In conclusion, the literature supports the importance of distinguishing between the genetically, ontogenetically, and phylogenetically distinct cortical metrics of SA and CT. Our results indicate that the well-replicated height-GCA association is accounted for by individual differences in cortical SA, and not CT, and that the genetic association between SA and GCA underlies the phenotypic height-GCA relationship.
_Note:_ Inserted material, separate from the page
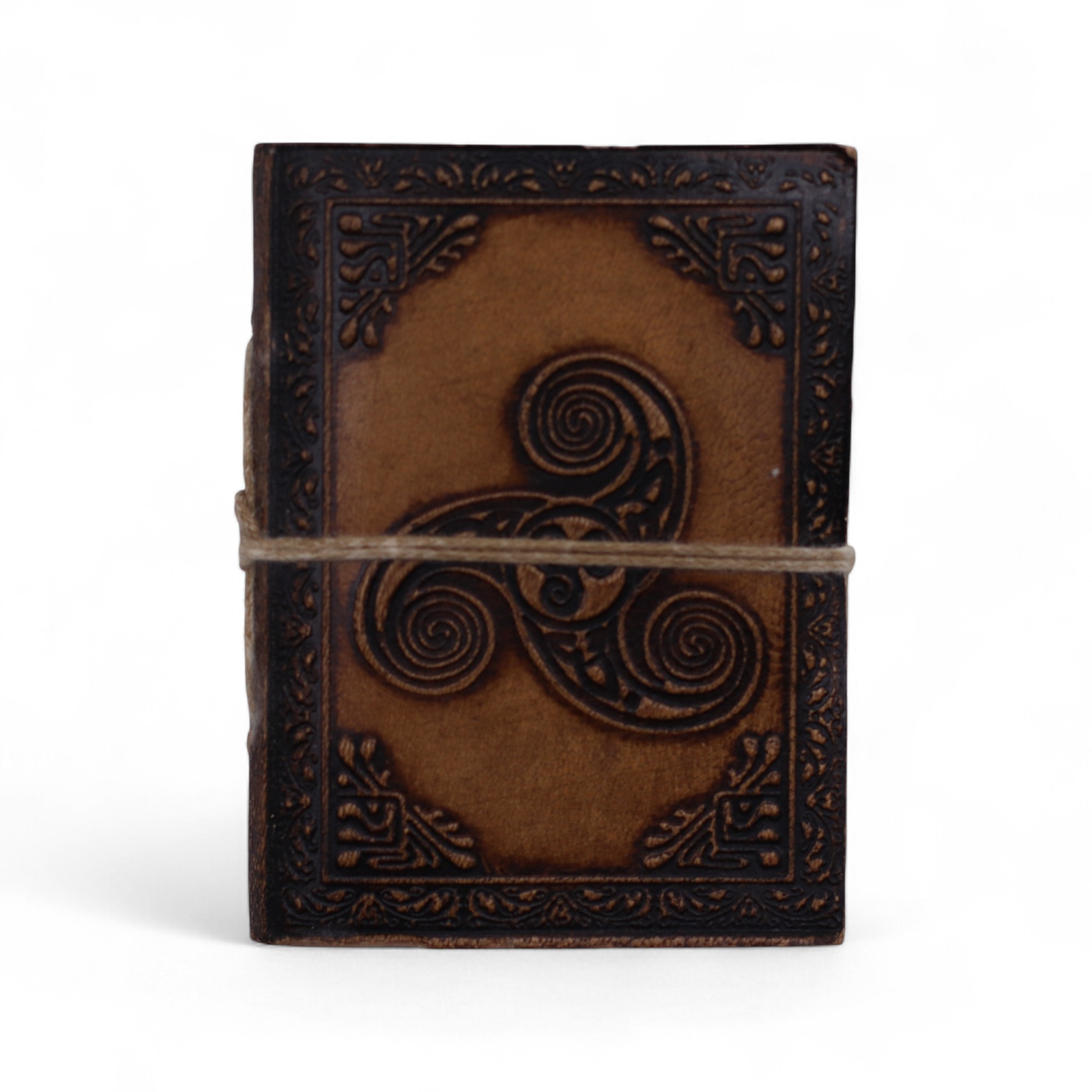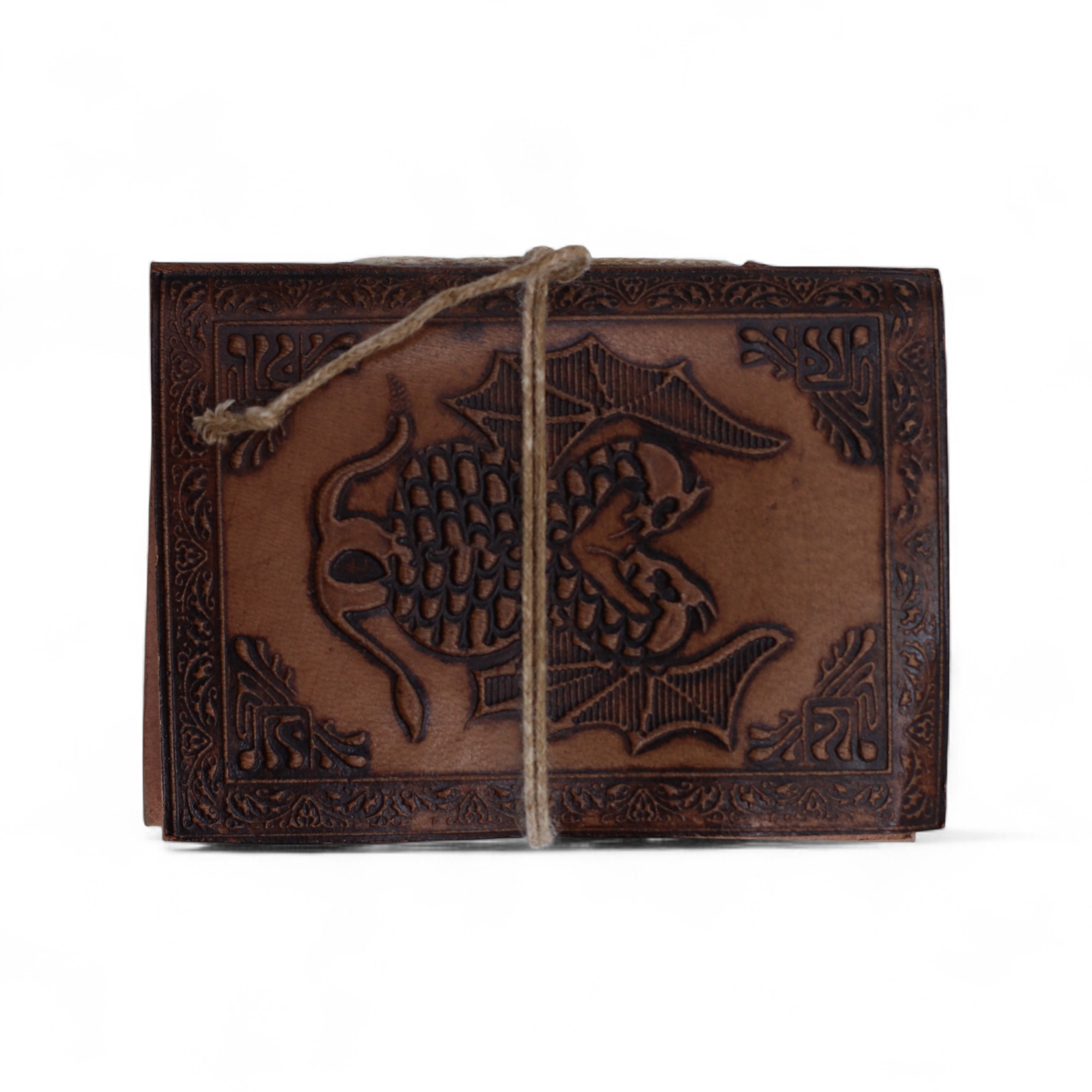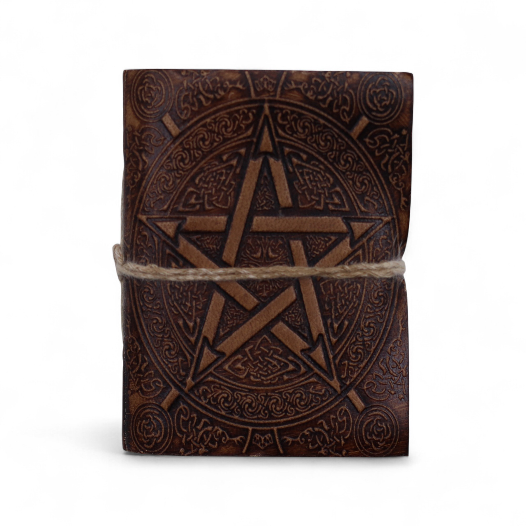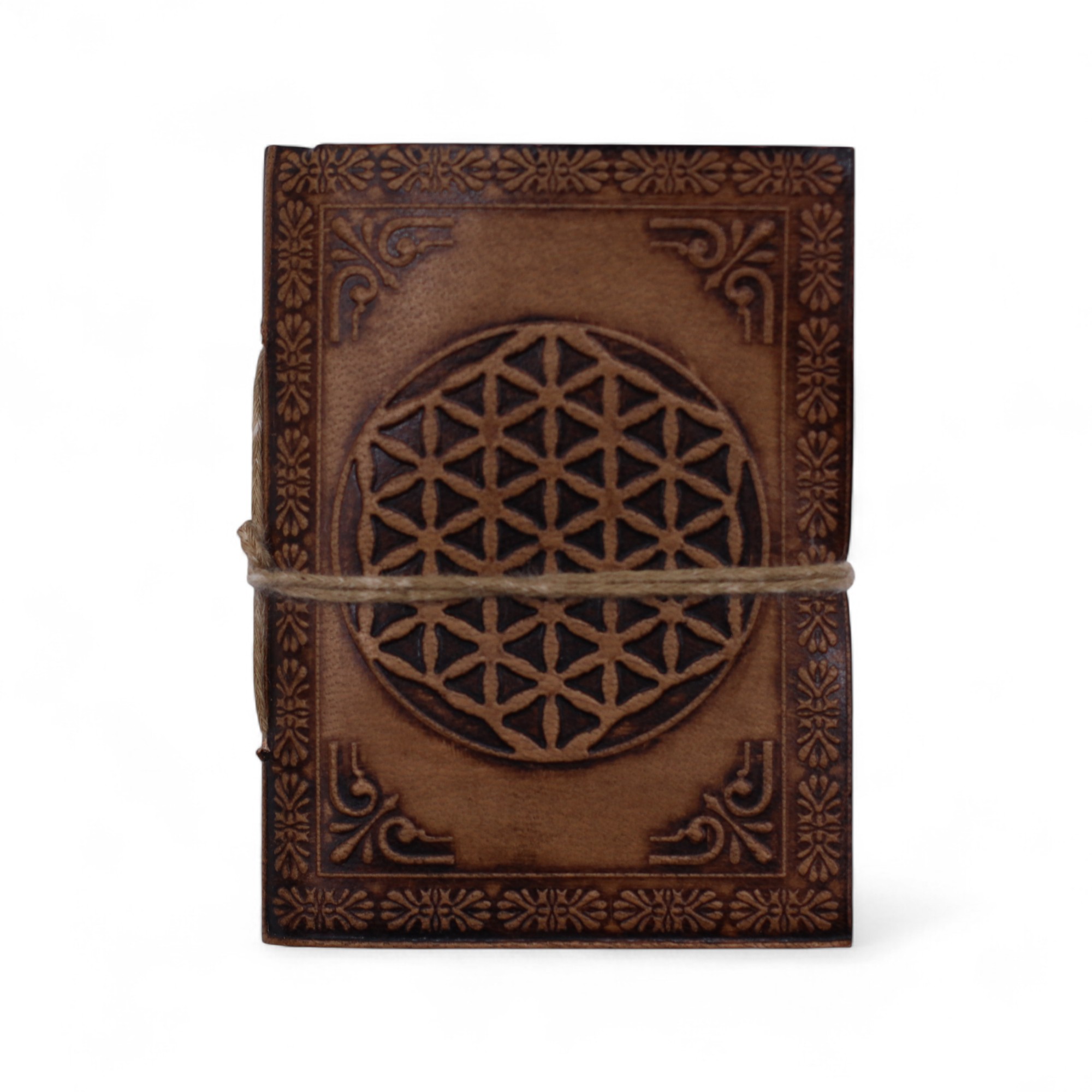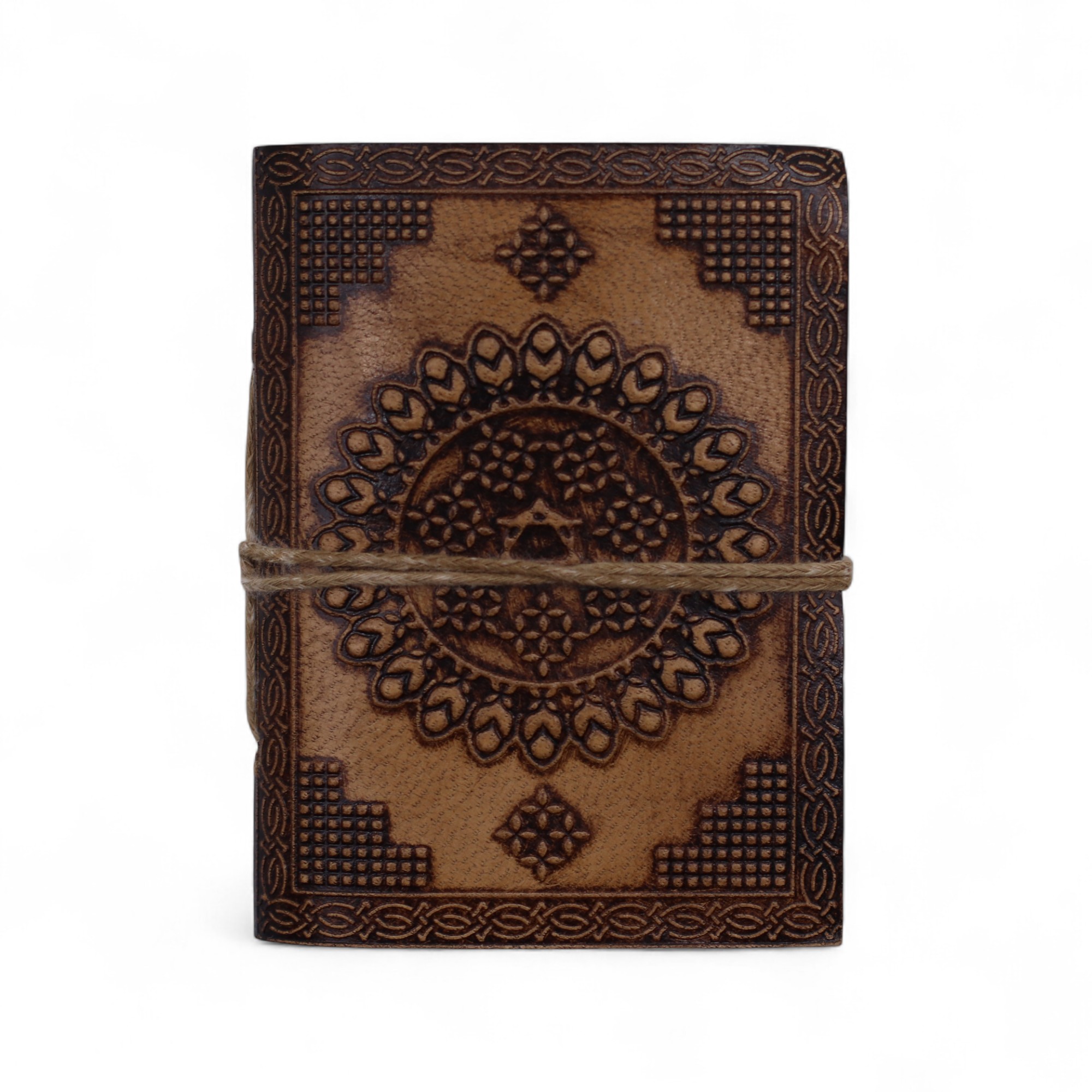 Each book features a soft leather cover embossed with intricate esoteric patterns inspired by astrology, sacred geometry, and spiritual symbolism. Their compact 4x3” size makes them perfect as pocket journals, travel diaries, or gratitude notebooks — easy to display and ideal for impulse purchases near the till.

Competing financial interests
AMD is a founder of and holds equity in CorTechs Laboratories, Inc., and also serves on its Scientific Advisory Board. He is a member of the Scientific Advisory Board of Human Longevity, Inc., and receives funding through research agreements with General Electric Healthcare and Medtronic, Inc. The terms of these arrangements have been reviewed and approved by the University of California, San Diego, in accordance with its conflict of interest policies. All other authors have no conflicts of interests to declare.
Acknowledgements
Supported by NIA R01 AG022381, AG018386, AG018384, AG050595 and R03 AG 046413.